Example configuration for receiving OTLP trace data and exporting to Jaeger:

receivers:
  otlp:
    protocols:
      grpc:

exporters:
  jaeger:
    endpoint: "localhost:14250"
    insecure: true

service:
  pipelines:
    traces:
      receivers: [otlp]
      exporters: [jaeger]

Run the collector using:

otelcol --config collector.yaml

Step 5: Test and Validate
  1. Run the Application: Execute your Python application to start generating traces.
python your_langchain_app.py

Monitor Traces in Backend:

Visit the Jaeger UI (http://localhost:16686) or Zipkin UI (http://localhost:9411) to view the incoming trace data.

Step 6: Adjust and Monitor
  • Sampling Configuration: Adjust sampling rates using probability samplers if required.
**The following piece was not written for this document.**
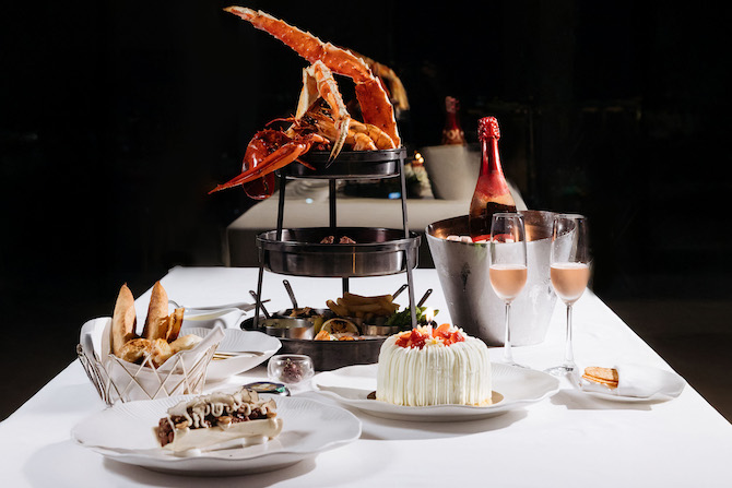 อาทิ ล็อบสเตอร์จากรัฐเมนย่าง, ก้ามปูอลาสก้ารสหวาน, กุ้งลายเสือ, หอยเชลล์สดฮอกไกโดเสิร์ฟความอร่อยพร้อมเนื้อวากิวเซอร์ลอยน์, เนื้อหมูดำเพรซ่า, เนื้อแกะกุนดาไก ทั้งหมดเสิร์ฟพร้อมผักเครื่องเคียง หน่อไม้ฝรั่งย่าง, เฟรนช์ฟรายส์, มันฝรั่งอบ และเห็ด ทานคู่กับเรดไวน์ซอส ฮอลแลนเดสซอส เท่านั้นยังไม่พอเสิร์ฟคู่กับ ซีซาร์ สลัด และเนื้อทาร์ทาร์ พร้อมสปาร์กลิงไวน์ 1 ขวด - น้ำแร่ Acqua Panna หรือน้ำแร่ San Pellegrino 1 ขวด ปิดท้ายด้วย เค้กวันเกิด 1 ปอนด์
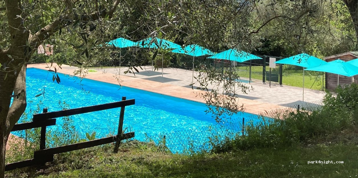 Beaux emplacements herbeux en terrasse sous les oliviers. En retrait de la route. Calme. Aire de services eau propre/eaux grises pour camping car. Vidange eaux noires dans un local dédié des sanitaires du camping. Piscine. Tarifs de camping 22€ pour un Campervan avec 2 personnes. Électricité +5€ par nuit. Une belle étape agréable.

This is controlled in the tracer provider.
from opentelemetry.sdk.trace.sampling import AlwaysOnSampler

trace.get_tracer_provider().sampler = AlwaysOnSampler()
  • Resource Attributes: Enrich traces with additional resource attributes to help with filtering and querying.
  • Context Propagation: Ensure distributed tracing context is propagated accurately across different services. Utilize OpenTelemetry context propagation for HTTP clients, gRPC, etc.
Conclusion

By following these steps, you should be able to trace your Python application using Langchain and monitor the traces using OpenTelemetry. Ensure you adjust configurations as per your environment requirements, and refer to OpenTelemetry official documentation for advanced features and settings.